Conceptualization and assessment of groundwater–seawater interactions on bedrock islands

Abstract

Groundwater and seawater interactions (GSIs) in coastal areas are significantly influenced by climate change and anthropogenic activities. However, few studies have focused on GSIs on a bedrock island scale. Compiled literature data from global investigations shows that over 68 % of investigated bedrock islands and coasts worldwide have been seriously threatened by groundwater salinization and NO₃-N contamination. This study investigates the Changshan Islands in Shandong, China. Utilizing hydrogeological data, historical rainfall, long-term groundwater levels (2010–2021), and multi-period hydrochemical data (2015–2021) to analyze groundwater dynamics and hydrochemical processes. Results reveal severe NO₃-N contamination in groundwater, with concentrations peaking at 40 mg/L, primarily due to domestic wastewater discharge and tourism activities. Excessive groundwater extraction exacerbates NO₃-N migration into deeper aquifers. Seawater intrusion (SWI) and submarine groundwater discharge (SGD) rates were calculated using Darcy’s law, with Cl^- and NO₃-N fluxes estimated.

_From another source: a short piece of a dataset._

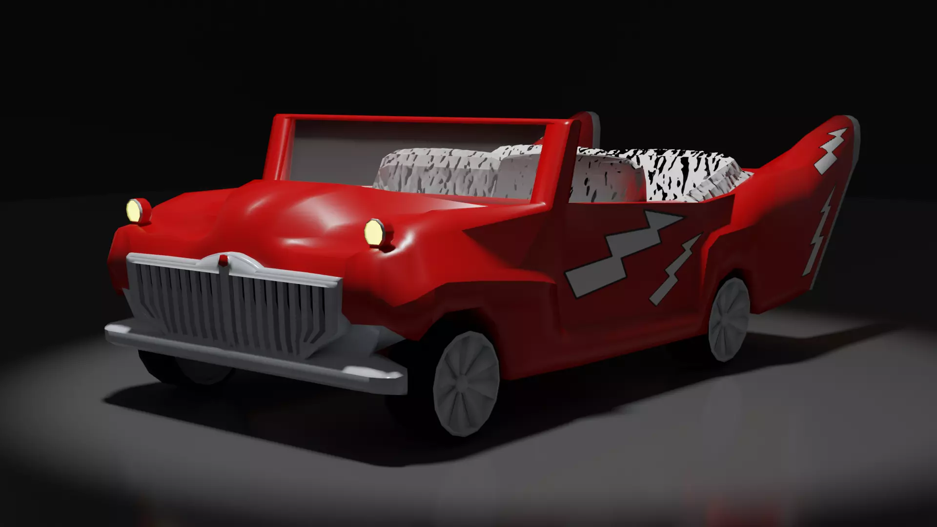 Designed to be reminiscent of the Ford Deluxe Convertible Greased Lightning shown in the movie Grease during the fantasy segment of the Greased Lightning song, complete with a red finish and white lightning bolts.This my interpretation of the Greased Lightning car but keeps similar features to the original such as the oversized grille, plethora of lightning bolts, and prodigious wings protruding from the back of the car.In this car, you're bound to turn heads in your next drag-race.

SWI is more pronounced on the north island, with an average SWI rate of 0.3 m/d. The associated Cl^- and NO₃-N fluxes are on average 119187.6 and 69.6 mmol/(m²·d), respectively. The southern island, largely free of SWI, has an average SGD rate of 0.2 m/d, with Cl^- and NO₃-N fluxes averaging 3912.1 and 81.8 mmol/(m²·d), respectively. Key factors influencing GSIs are precipitation, heterogeneous structure, hydrogeological conditions, and groundwater extraction. Based on these findings, we proposed a conceptual model of GSIs for these islands. This study would be helpful to enhance the understanding of island-scale GSIs’ patterns and the scientific management of island groundwater resources.